Улыбнувшись одним уголком рта, так, что улыбка получилась не слишком-то жизнерадостной, Сид кивнул:
– Догадывался.
– Я тогда днями и ночами мечтала о том, чтобы он смотрел на меня с восхищением. Сбылось, в точности, но всё получилось, как в страшном сне. Я даже не знаю, кого в его чувстве было больше – тебя? Или всё-таки – меня?
– Ты о чём? – уточнил Сид. – Я не совсем хорошо тебя понимаю.
– Я часто слышала о том, что ненависть – это оборотная сторона любви.
– У некоторых людей – несомненно. Но поверь, далеко не у всех. Но я всё равно не улавливаю сути твоей мысли.
– Питер не столько меня любил, сколько тебя ненавидел, – пояснила Каролина. – Вернее, он ненавидел тебя, потому что хотел стать тобою.

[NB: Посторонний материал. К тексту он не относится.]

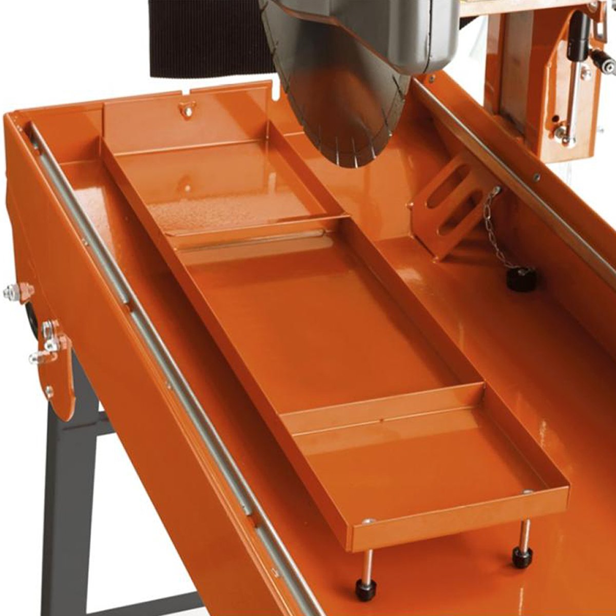 TS 300 E is an efficient universal masonry saw with high cutting capacity for all kinds of bricks and building blocks. With this table saw you get a maximum cutting depth of 100 mm in one pass or up to 150 mm by step cutting. You can easily plunge or bevel cut at 45 degrees for maximum versatility. The robust single-piece frame with integrated conveyor rails gives great rigidity and provides longer product life. Efficient slurry sedimentation The collection tray enables efficient slurry handling for long pump life. Easy set-up One person can set up the machine, thanks to the semi-automatic folding legs. Versatile Can plunge and bevel cut at 45° or 90° for maximum versatility. Sturdy and reliable motor Provides long product life. Easy transport and handling Thanks to the four wheels. Heavy duty water pump The high quality water pump greatly extends product life. Wide span of cutting depths The precise height adjustment of the cutter head allows deep step cutting. Easy replacement of water pump Thanks to the electrical quick connection. Protected guide rails The solid frame protects the guide rails from external impact.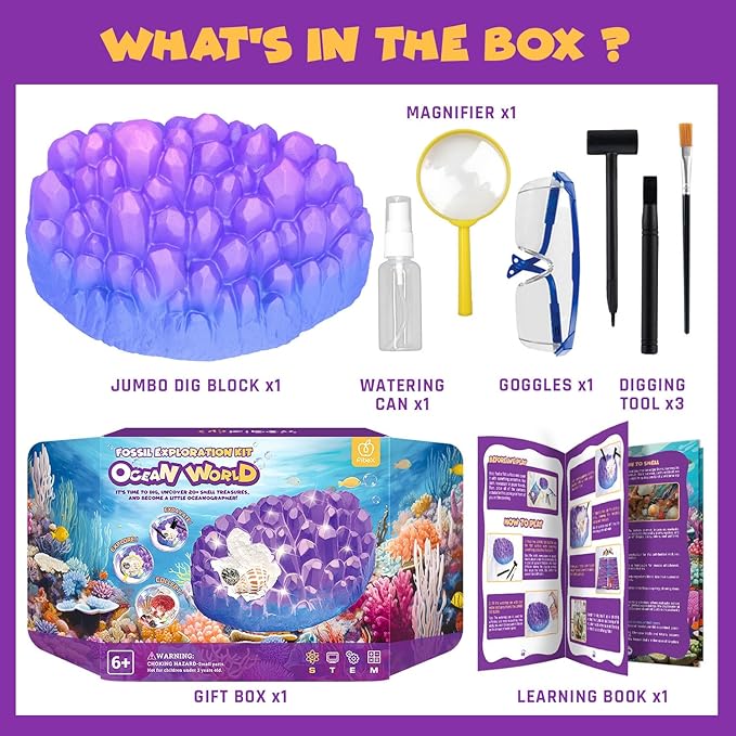 - PERFECT EDUCATIONAL GIFT: Ideal for budding marine biologists, geologists, and curious young minds, the PIBEX Ocean Fossil Dig Kit is a thoughtful gift for birthdays, holidays, Christmas, New Year, or any ocean-themed or mermaid birthday parties

А я словно сделалась олицетворением всего, чего ему не достать. А самое противное то, что он, в сущности неплохой парень.

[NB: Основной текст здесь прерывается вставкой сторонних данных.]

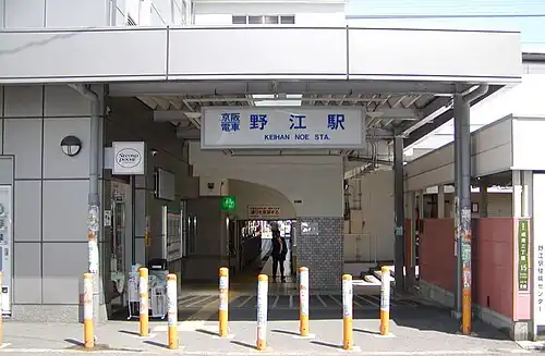 Noe Station (野江駅, Noe-eki) is a railway station on the Keihan Main Line in Joto-ku, Osaka, Japan, operated by the private railway operator Keihan Electric Railway.

– Успокойся, Каролина, – покровительственно обнял её за плечи Сид, мужественно стараясь не морщиться, когда дало знать о себе потревоженное этим простым движением, раненное плечо. – Я знаю, что Питер не плохой. Скажу тебе больше, по моему глубокому убеждению, прирождённых злодеев на свете не существуют. Любое человеческое злодеяние – это просто проявление слабости.
– Проявление слабости? – фыркнула Каролина. – А как же тогда описание всех харизматических злодеев?

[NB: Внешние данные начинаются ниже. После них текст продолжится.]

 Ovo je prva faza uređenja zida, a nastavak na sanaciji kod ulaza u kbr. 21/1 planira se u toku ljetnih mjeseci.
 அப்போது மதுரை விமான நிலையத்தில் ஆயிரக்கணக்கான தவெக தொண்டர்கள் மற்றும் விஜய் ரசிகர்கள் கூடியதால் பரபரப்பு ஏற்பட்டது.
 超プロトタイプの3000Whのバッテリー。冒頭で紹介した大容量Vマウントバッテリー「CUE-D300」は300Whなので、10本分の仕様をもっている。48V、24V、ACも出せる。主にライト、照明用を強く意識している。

– Только описание. Все злодеи, встречающиеся мне по жизни, были трусливыми, жадными и большей частью, глупыми.
– Ты действительно считаешь злодейство слабостью?
Каролине действительно стало интересно.
– Конечно. А как иначе? Мы нарушаем границы лишь тогда, когда не можем совладать с собственными страстями. Тот же, кто собственные желания держать под контролем не в силах – кто он, как не слабак?
Каролина не была уверена, что согласна с подобной точкой зрения. Но возразить было нечего. Более того – не хотелось вступать в перепалку или полемику.
Сид до сих пор заставлял её немного робеть в своём присутствии. Обычно самоуверенная и бойкая на язычок, Каролина в его обществе частенько немного терялась, старательно следила за каждым жестом, словом, даже взглядом.
Сид всегда казался ей таким совершенным, что жить рядом с ним было совсем не просто.
– Слабак он там или кто-то ещё – вопрос не в этом. Я не хочу, чтобы он нам навредил. Но Сид, я не хочу, чтобы он умер! Питер ещё так молод? Он ведь может исправиться?
– И кто же тут только что говорил, что о милосердии просить не станет? – хмыкнул Сид, скрещивая руки на груди.
Приятно неожиданностью стало то, что он нисколько не сердился. И, кажется, не ревновал. Вот это было даже капельку грустно.
– Я. Я говорила, но… ты ведь тоже не хочешь казнить его? Это ведь не обязательно?
– Ты действительно полагаешь, что я должен спустить ему трусливый выстрел в спину? Сделанный даже не им самим, а наёмником?
В голосе мужа Каролине послышался вполне заслуженный ею за так некстати приключившийся приступ человеколюбия, упрёк.
– Я… я не об это прошу.
– Тогда о чём же?
– Просто скажи мне, что ты намерен с ним делать. И всё. Я ведь немного прошу?
– Тебя так волнует судьба нашего несостоявшегося убийцы? Что ж? Как всегда, рад услужить прекрасной даме.
Сид слегка склонил голову будто в намёке на поклон.
– У меня нет намерения казнить моего оруженосца. Так же, как нет желания предавать случившееся огласке.
Каролина встрепенулась, но тут же сникла, словно споткнувшись об его отстраняющий, холодный взгляд.
Таким же стал и голос Сида, когда он продолжил:
– Вы рано обрадовались, миледи. Сожалею, но вынужден вас огорчить. Я не священник, чтобы отпускать грехи. Предмет ваших былых воздыханий ждёт поединок. Хотя я сам учил мальчишку драться, смею предположить, выстоять против меня у него получится едва ли.
– Поединок? – заморгала обескураженная Каролина. – Вы это серьезно?
– Ещё как. Задеты моя честь и моя жизнь, так что я считаю себя вполне вправе требовать удовлетворения. И, чёрт возьми, я этим правом воспользуюсь.
Если бы его голос звучал резко и раздражённо, то и тогда он не произвёл бы на Каролину и в половину такого впечатления как теперь, когда оставался равнодушным и спокойным.
Это неожиданное спокойствие, словно невидимая черта, пропастью ложилась между ними.
Каролине это решительно не нравилось.